TVMError: CodeGenVM cannot handle this intrinsic now:
Op(relax.ewise_fma)
There's a few operators that don't have FLegalize implementations, and expect to be lowered/pattern-matched out prior to building. Unfortunately, this results in very hard-to-interpret error messages when the lowering reaches the CodeGenVM step.

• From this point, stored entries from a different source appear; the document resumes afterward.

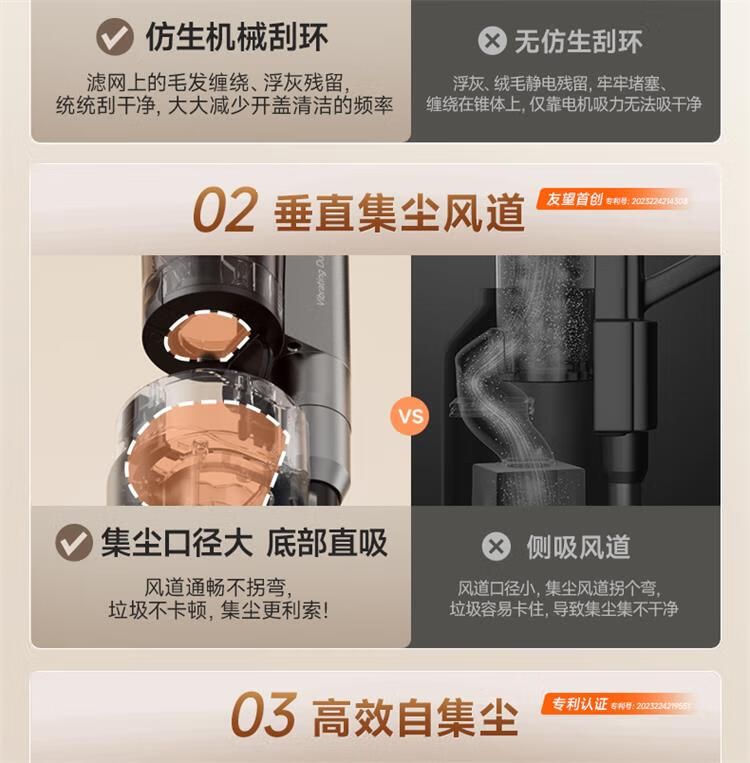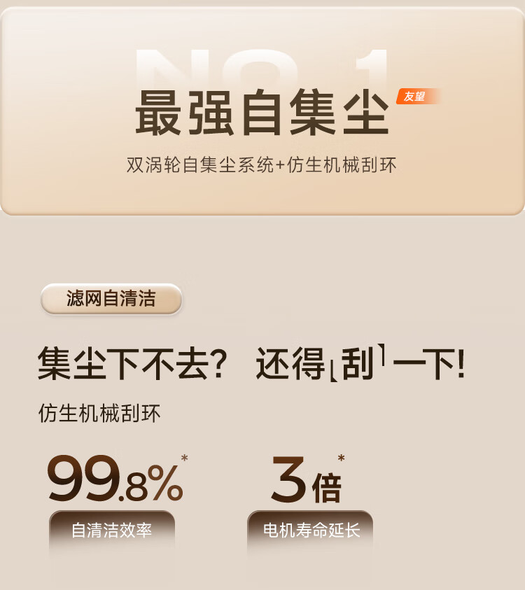 1.雙渦輪集塵系統(tǒng)+仿生機(jī)械刮環(huán)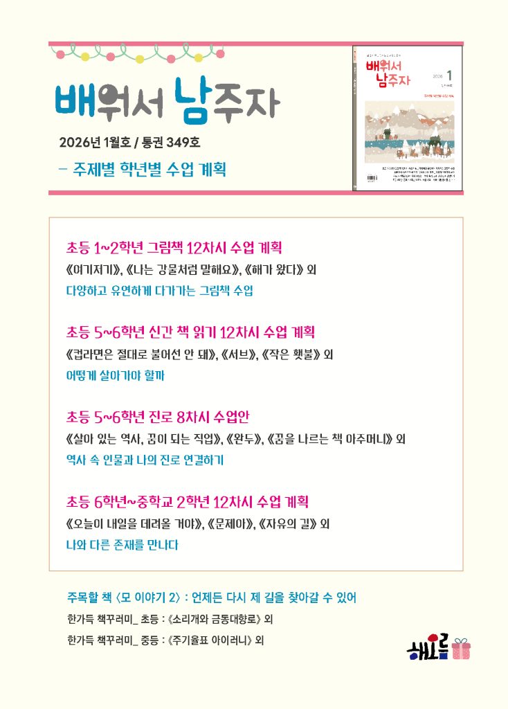 배워서 남주자 1월호는 매해 신년호마다 다루는 <주제별 학년별 수업계획> 특집으로 꾸몄습니다. 방학 기간 동안 한해 수업을 계획하고 수업안을 업데이트하셔야 하는 선생님들이 가장 많이 찾으시는 특집입니다. 이번에 발간된 <배남 특별호 : 2021-25 초등 수업계획 모음집>과 함께 보시면 정말 든든할 거라고 생각해요! 올한해도 배남을 아껴주신 여러분, 새해 복 많이 받으세요!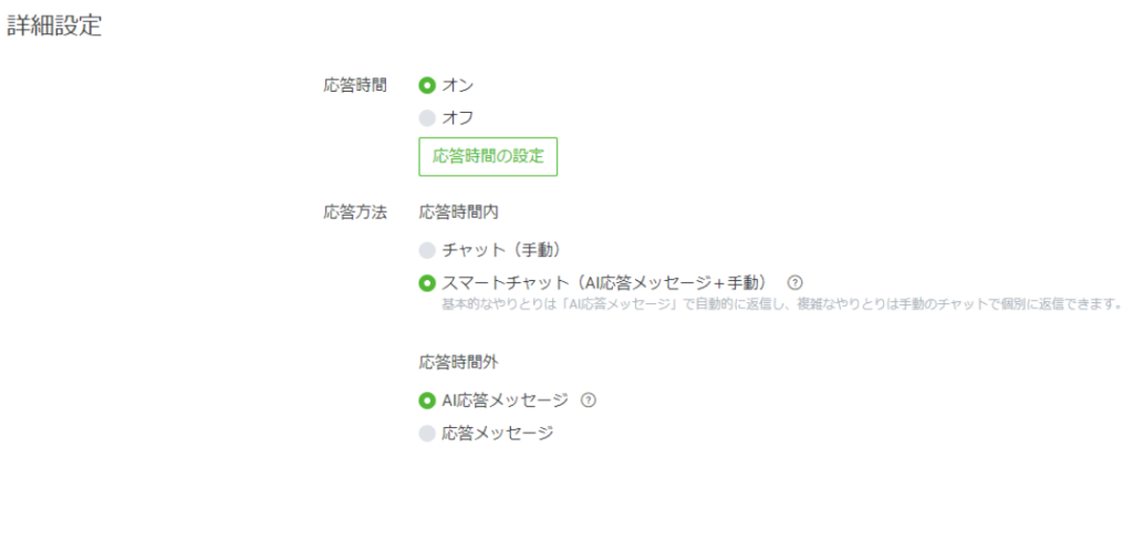 右上にある「設定」から応答設定をクリック。「応答設定」から「詳細設定」の「応答方法」を「スマートチャット」にします。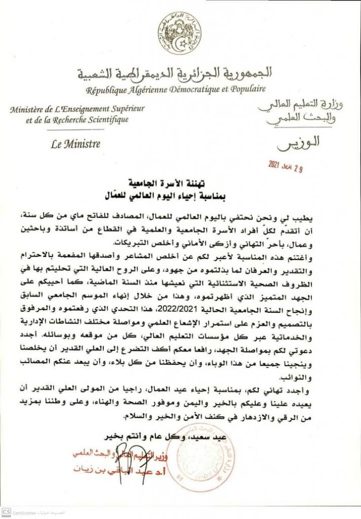 يتقدم السيد عبد الباقي بن زيان وزير التعليم العالي و البحث العلمي بتهنئة الأسرة الجامعية

For the initial error case, it should be fixed as a side effect of https://github.com/apache/tvm/pull/17218, as it adds a check for R.tensor_to_shape in VMBuiltinLower.
I'm baffled. Do we need to explicitly call the ``FuseTIR` transform before compiling any model?
Looking at the specific example, it looks like there are two distinct lv variables in the input. One is produced by R.tensor_to_shape, while the other is produced by R.call_pure_packed("vm.builtin.tensor_to_shape", ...). When FuseTIR is called, it internally performs dead-code elimination to remove any values that are no longer required after fusion, along with any no-longer-used PrimFunc implementations. This has the side effect of removing the call to R.tensor_to_shape(x), as its output is entirely unused.
@Lunderberg Thanks for your PR and explanation. I got it! BTW, the initial test case can run correctly under the given PR #17218!
I supplemented some similar bugs here:
TVMError: CodeGenVM cannot handle this intrinsic now: Op(relax.builtin.stop_lift_params)TVMError: CodeGenVM cannot handle this intrinsic now:Op(relax.permute_dims)TVMError: CodeGenVM cannot handle this intrinsic now:Op(relax.add)TVMError: CodeGenVM cannot handle this intrinsic now:Op(relax.nn.conv2d)TVMError: CodeGenVM cannot handle this intrinsic now:Op(relax.wrap_param)TVMError: CodeGenVM cannot handle this intrinsic now:Op(relax.ewise_fma)TVMError: CodeGenVM cannot handle this intrinsic now:Op(relax.call_tir_with_grad)
I supplemented some similar bugs here:
TVMError: CodeGenVM cannot handle this intrinsic now: Op(relax.builtin.stop_lift_params)TVMError: CodeGenVM cannot handle this intrinsic now:Op(relax.permute_dims)TVMError: CodeGenVM cannot handle this intrinsic now:Op(relax.add)TVMError: CodeGenVM cannot handle this intrinsic now:Op(relax.nn.conv2d)TVMError: CodeGenVM cannot handle this intrinsic now:Op(relax.wrap_param)TVMError: CodeGenVM cannot handle this intrinsic now:Op(relax.ewise_fma)TVMError: CodeGenVM cannot handle this intrinsic now:Op(relax.call_tir_with_grad)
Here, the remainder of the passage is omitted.